Jermey Denk the concert pianist has a lovely article in the April 8th edition of the New Yorker. I would link it in but it’s locked away in their subscriber only section (stupid stupid stupid).

It’s called “Every Good Boy Does Fine.” You might recognize from where he took his title.

It begins with his parents bringing him a little black notebook he kept as a piano student. It is filled with comments and memories about his study with William Leland, a teacher who seems to have taught him well early in his career.

The book is a record apparently quite extensive of his study with Leland. Leland sounds like a character. He improvises the prized “stars” piano students often receive by hand: “… sometimes the stars were beaming with pride, sporting halos or crowns; sometimes they had sidelong glances, to reflected mitigated success; some stars were amputees, and limped on crutches…” Leland not only writes his own comments (“Practicing a passage is not just repetition but really concentrating and burning every detail into your nervous system.”) but also jots down memorable words from his young student: “Quote of the Week” — “It’s amazing what you can do when you go slower.” The words in the book ring so strongly in Denk’s memory that he writes “It took me weeks to silence the voice [in the book] and play normally again.”

Denk’s charming and informative article moves quickly to his undergraduate experience at Oberlin where he eventually is exposed to György Sebők a prof visiting from Indiana U. This begins a huge influence on Denk’s life which he writes about eloquently.

The part that sticks in my mind is Denk’s description of Sebők’s unusual habit of sketching out harmony on a second piano while a student performed for the class. He adds “chords quietly from time to time, to enunciate a higher rhythm of events…. It was unforgettable, this demonstration of poetry of structure… ” Denk comments that later he would be listening to performances and wish “that Sebők would come onstage and start playing those chords, so that the performers would stop producing sausage-string phrases and give us ones that know their surrounds.”

This morning I continued reading in Christopher Small’s Musicking. I am beginning to understand Small as speaking from a conservative point of view, more accurately working toward breaking free of a conservative conventional point of view, that I as a musician have never really shared or bought into.
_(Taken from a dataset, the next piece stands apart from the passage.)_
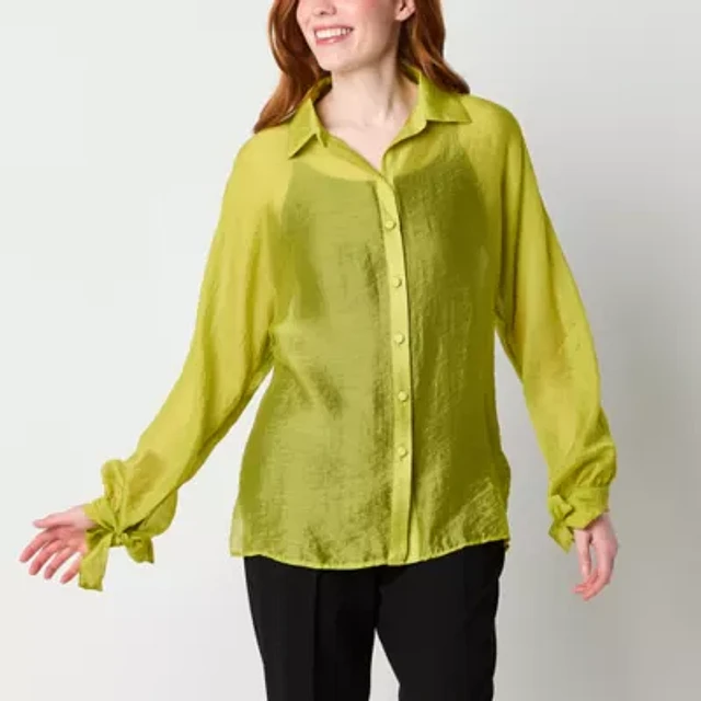 Worthington Womens Long Sleeve Tie Sleeve Regular Fit Button-Down Shirt
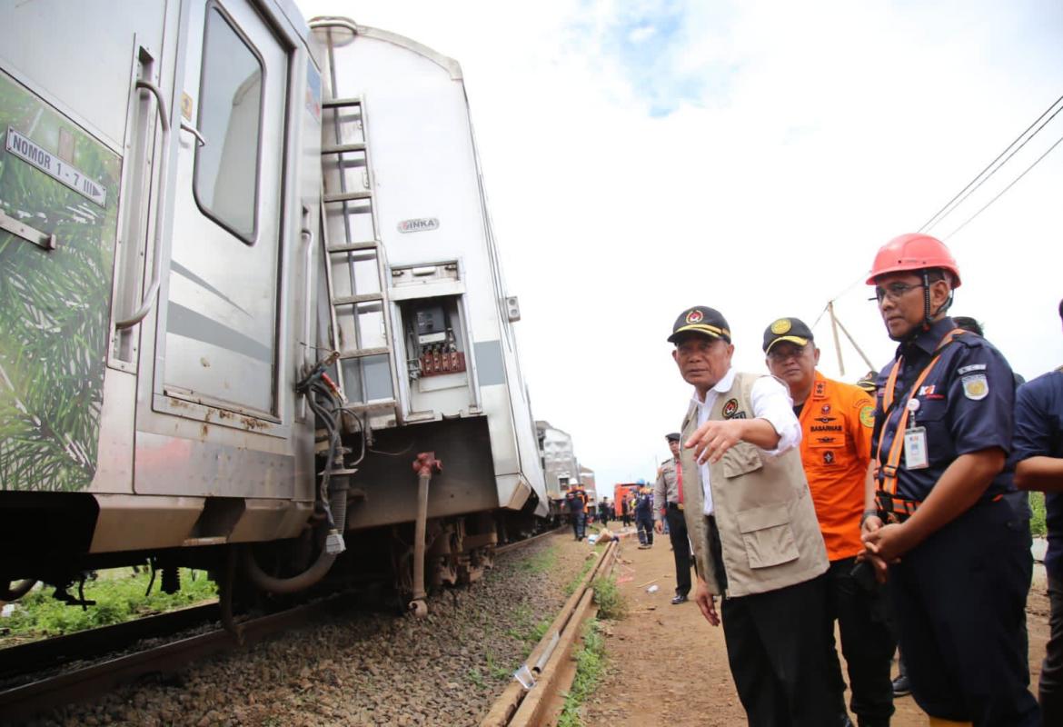 Menko PMK Tinjau Lokasi Tabrakan KA Turangga dan KA Bandung Raya, Pastikan Evakuasi Korban Berjalan Baik

His treatment of harmony reveals both his insights and limitations.

He quotes Dryden:

“From harmony, heavenly harmony,
The universal frame began,”

as evidence of the “controlling power of the chordal progressions of tonal harmony.” I believe he is under the academic mis-perception that harmony is the main way musical tension and resolution is created. There is so much more to it than this and I’m sure Small perceived this. But his argument reduces music to types that “delay gratification” by using harmony to create “variation,” “surprises,” and “forward motion.” By this I think he means a lot of classical music that symphony orchestras play. But music that uses simpler more predictable chords (He mentions blues and jazz) arouse only the security of predictability and and with this predictability renounce variation, surprise, forward motion, etc.

I disagree with this notion. One only has to think of the wonderful performances of blues musicians and jazz musicians one loves to know that their artistic statement is complete even under this kind of scrutiny.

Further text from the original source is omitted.